Start of Given records

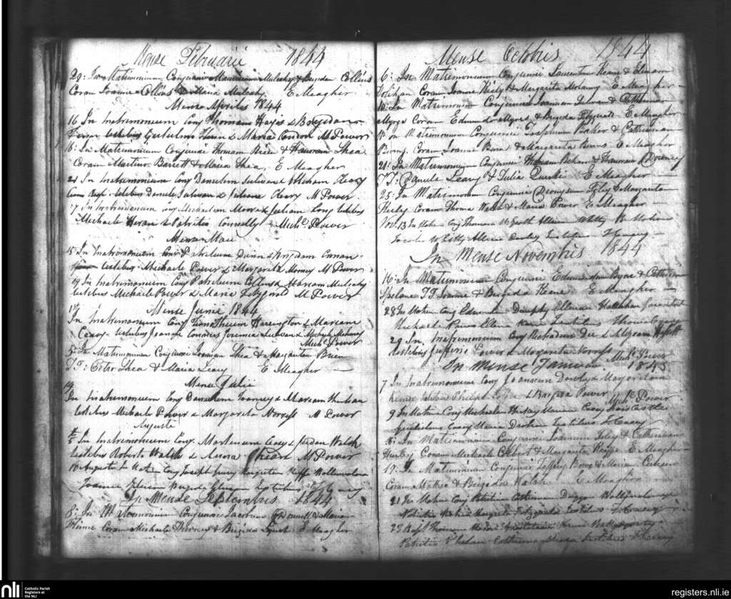 Stradbally; County of Waterford; Diocese of Waterford and Lismore. Marriages, Feb. 1844 to Jan. 1845
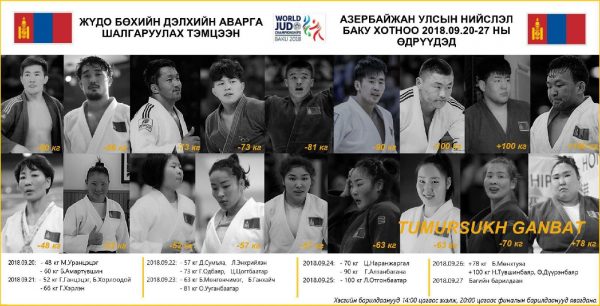Өнөөдөр Азербайжаны нийслэл Баку хотноо жүдогийн ДАШТ-ий эрэгтэй -66 кг, эмэгтэй -52 кг-ийн жингийн аваргууд тодроно.
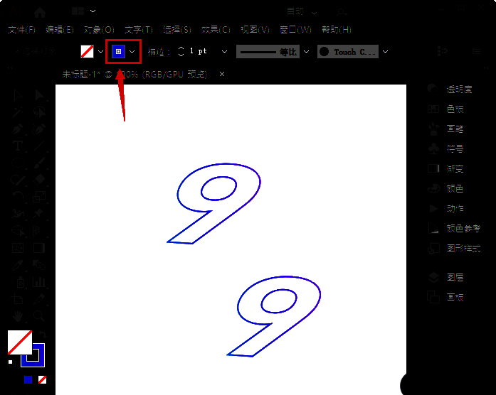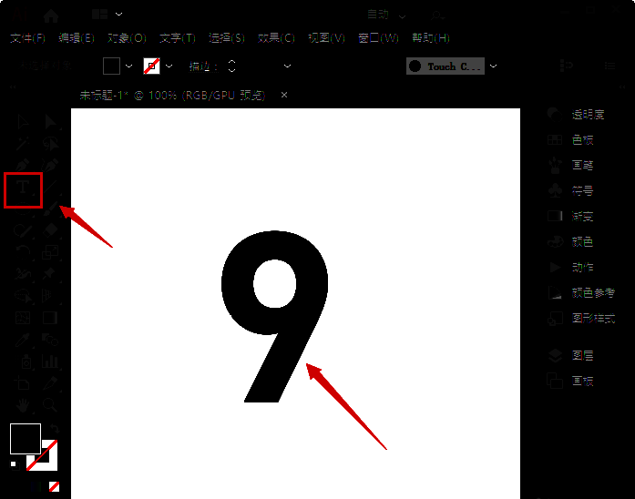 1、我们用【文字工具】输入一个数字9,如图所示。
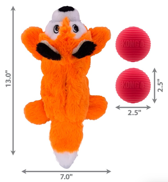 La poche interne du KONG Cozie Pockets contient deux balles couineuses qui incitent les chiens à les sortir, récompensant leurs instincts de chasse par plus de plaisir rebondissant et roulant.
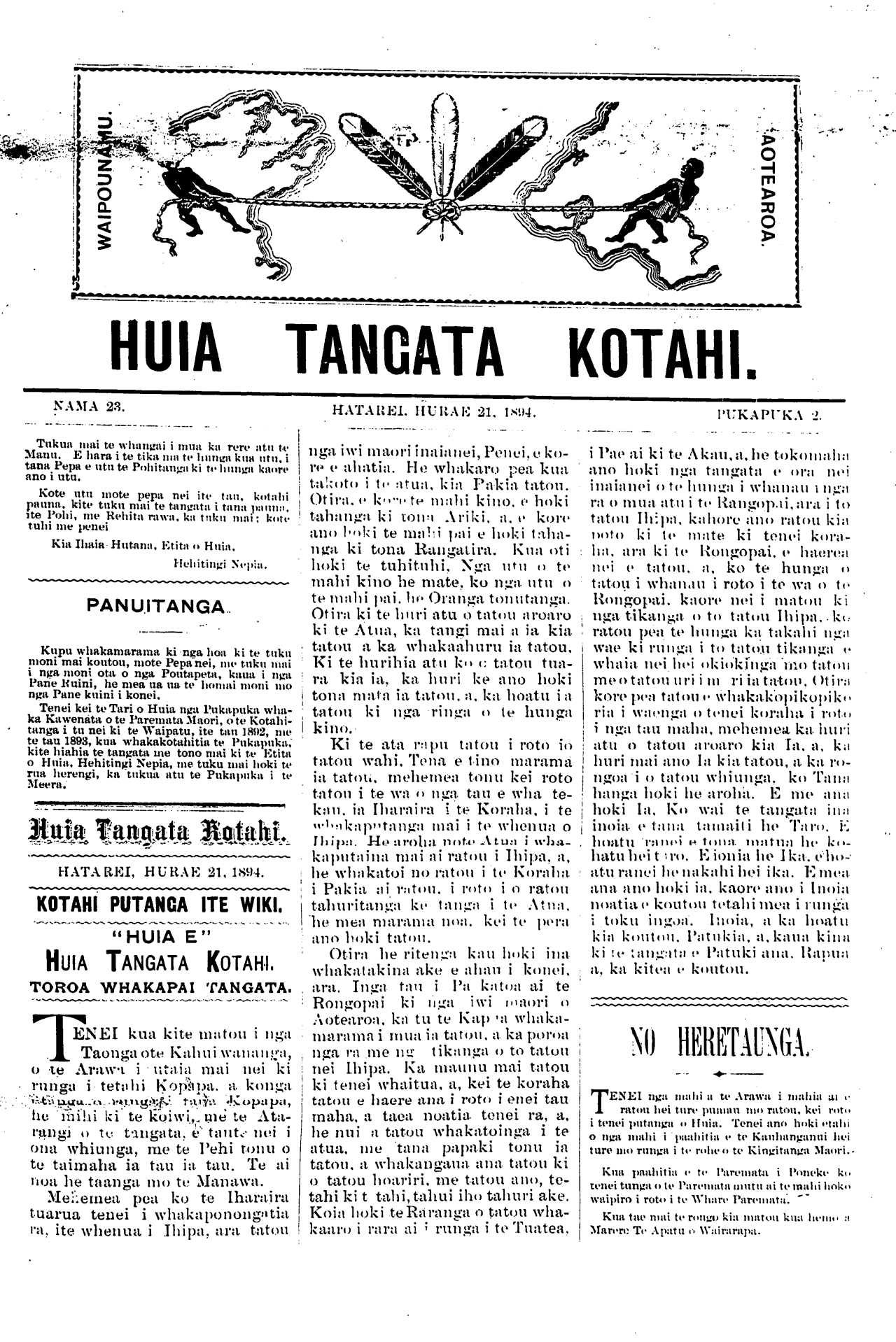 Huia Tangata Kotahi 1893-1895: Volume 2, Number 23. 21 July 1894 |
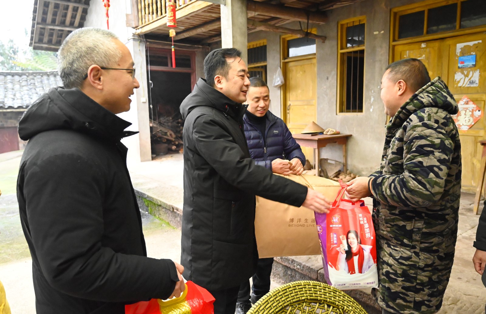 新春佳节即将来临之际,为把槽渔滩公司的关怀和温暖送到乡村振兴联系户的手中,让他们度过一个欢乐喜庆的节日。1月12日,公司党委书记、董事长杨涛带领公司乡村振兴帮扶干部一起到槽渔滩镇文山村看望联系户,为他们送上了节日的礼物与祝福。
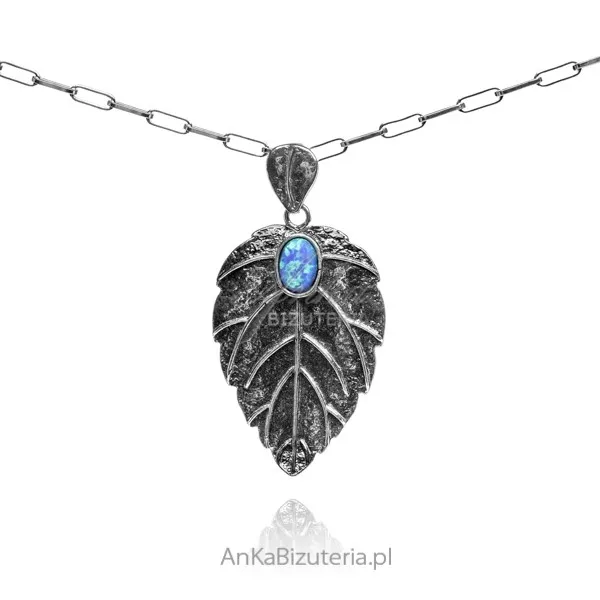 Zawieszka srebrna z niebieskim opalem oksydowana listek
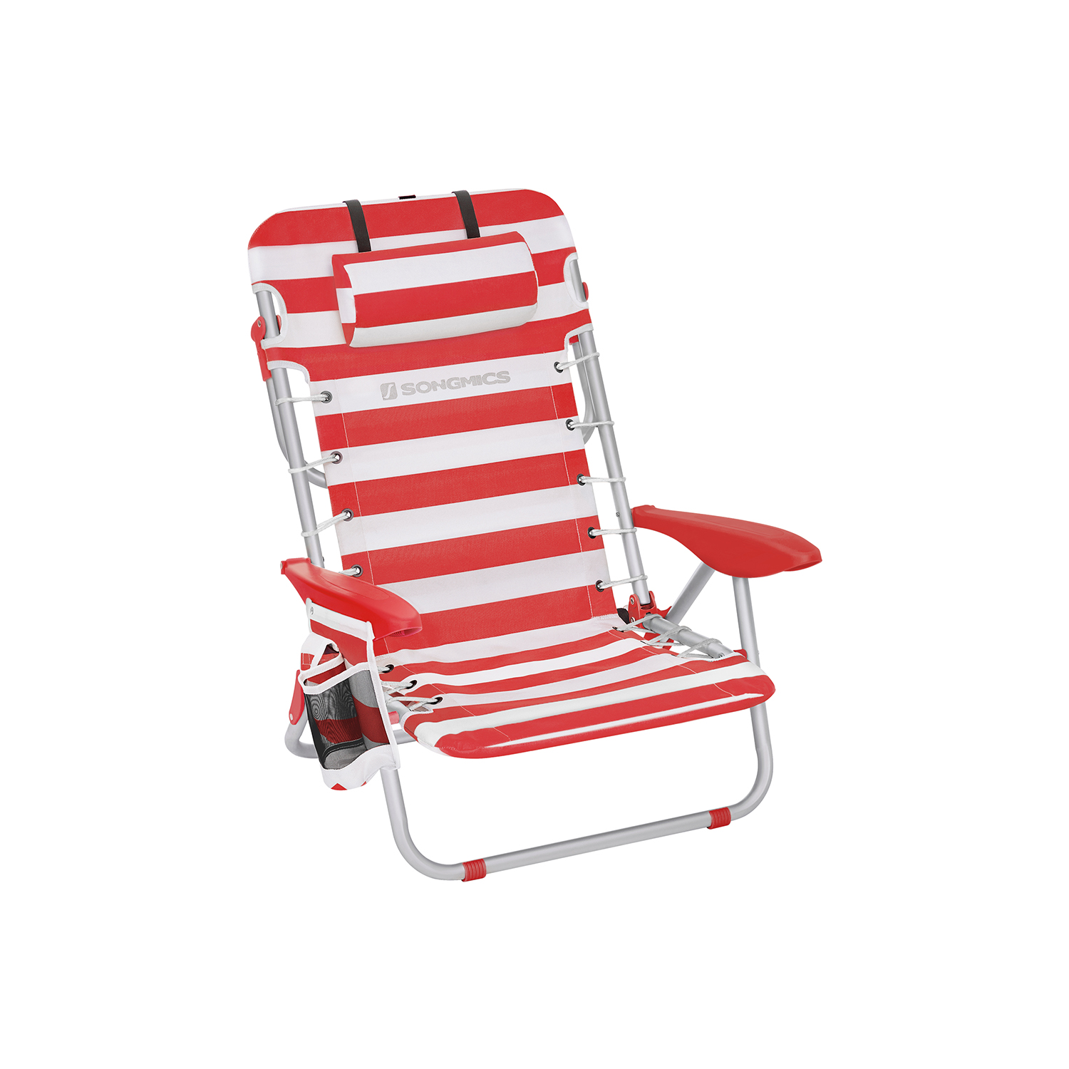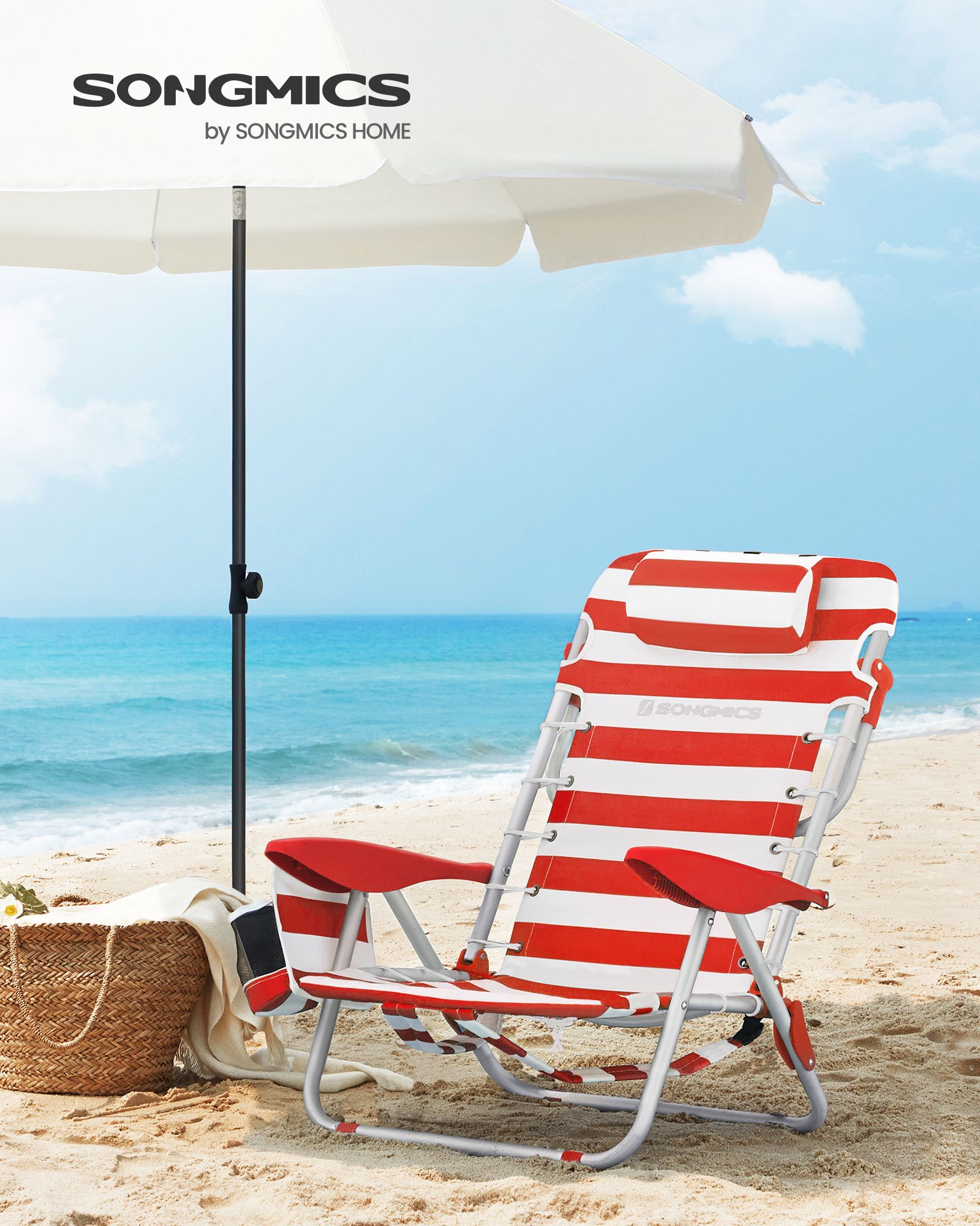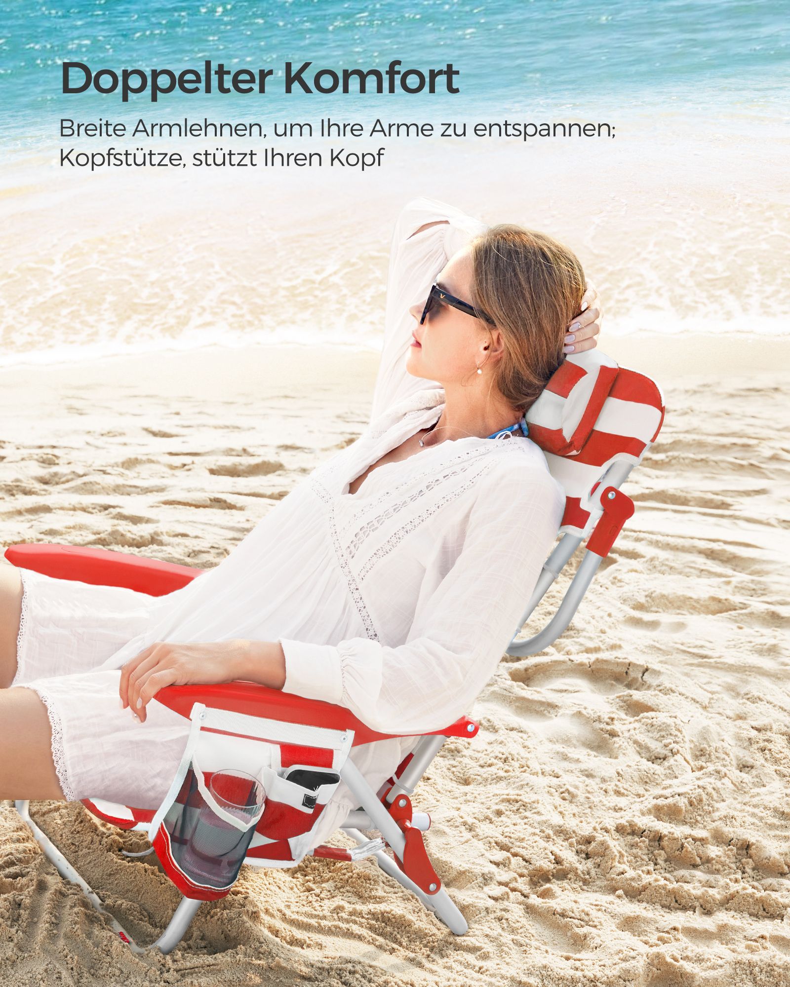 SONGMICS beach chair, camping chair, folding chair, outdoor chair, portable, with shoulder straps, foldable, adjustable backrest, with headrest, armrests, 2 side pockets

End of Given records

### How to complete this task
Restate verbatim the lines that begin at the one holding "La poche interne" and end at the last line of the material. Exclude pictures.

### Task output
 La poche interne du KONG Cozie Pockets contient deux balles couineuses qui incitent les chiens à les sortir, récompensant leurs instincts de chasse par plus de plaisir rebondissant et roulant.
 Huia Tangata Kotahi 1893-1895: Volume 2, Number 23. 21 July 1894 |
 新春佳节即将来临之际,为把槽渔滩公司的关怀和温暖送到乡村振兴联系户的手中,让他们度过一个欢乐喜庆的节日。1月12日,公司党委书记、董事长杨涛带领公司乡村振兴帮扶干部一起到槽渔滩镇文山村看望联系户,为他们送上了节日的礼物与祝福。
 Zawieszka srebrna z niebieskim opalem oksydowana listek
 SONGMICS beach chair, camping chair, folding chair, outdoor chair, portable, with shoulder straps, foldable, adjustable backrest, with headrest, armrests, 2 side pockets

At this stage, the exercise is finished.